### [THE TASK]
Each line below containing the word "Stage" needs to be shown.

DATA TO PROCESS START

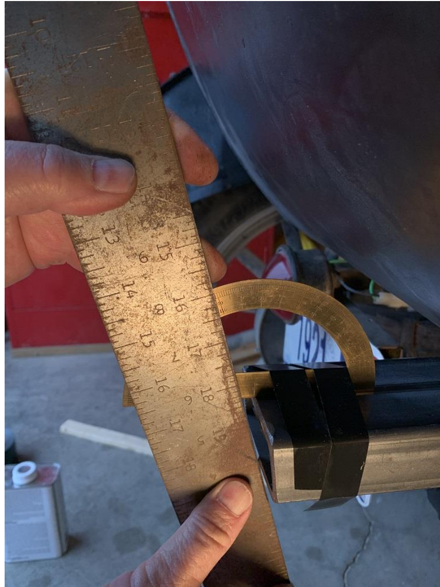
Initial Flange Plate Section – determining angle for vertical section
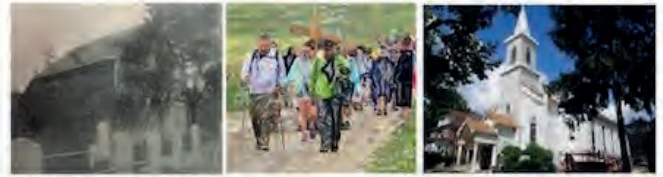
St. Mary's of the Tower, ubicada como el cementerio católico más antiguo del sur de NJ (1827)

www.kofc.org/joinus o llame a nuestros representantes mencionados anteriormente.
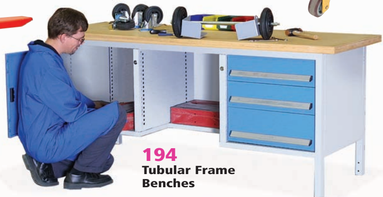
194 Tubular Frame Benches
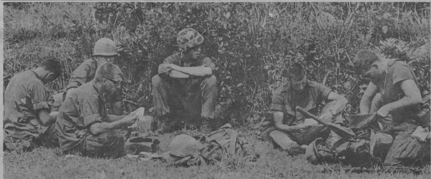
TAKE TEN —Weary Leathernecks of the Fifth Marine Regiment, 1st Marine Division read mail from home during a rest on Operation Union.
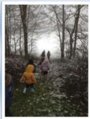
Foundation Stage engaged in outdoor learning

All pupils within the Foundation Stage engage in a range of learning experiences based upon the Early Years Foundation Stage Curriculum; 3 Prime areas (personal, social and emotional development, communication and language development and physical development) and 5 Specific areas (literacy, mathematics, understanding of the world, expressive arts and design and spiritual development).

DATA TO PROCESS END
DATA TO PROCESS START

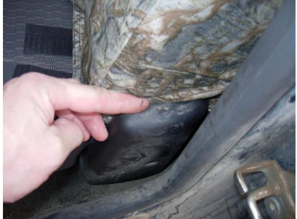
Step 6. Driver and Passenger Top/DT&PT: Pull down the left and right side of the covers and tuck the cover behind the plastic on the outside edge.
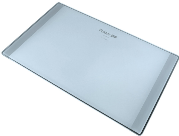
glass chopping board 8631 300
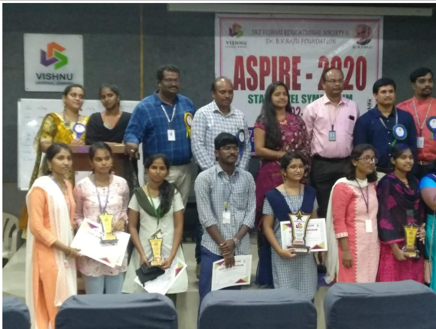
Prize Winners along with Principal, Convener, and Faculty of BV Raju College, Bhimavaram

DATA TO PROCESS END

### [EXERCISE RESPONSE]
Foundation Stage engaged in outdoor learning
All pupils within the Foundation Stage engage in a range of learning experiences based upon the Early Years Foundation Stage Curriculum; 3 Prime areas (personal, social and emotional development, communication and language development and physical development) and 5 Specific areas (literacy, mathematics, understanding of the world, expressive arts and design and spiritual development).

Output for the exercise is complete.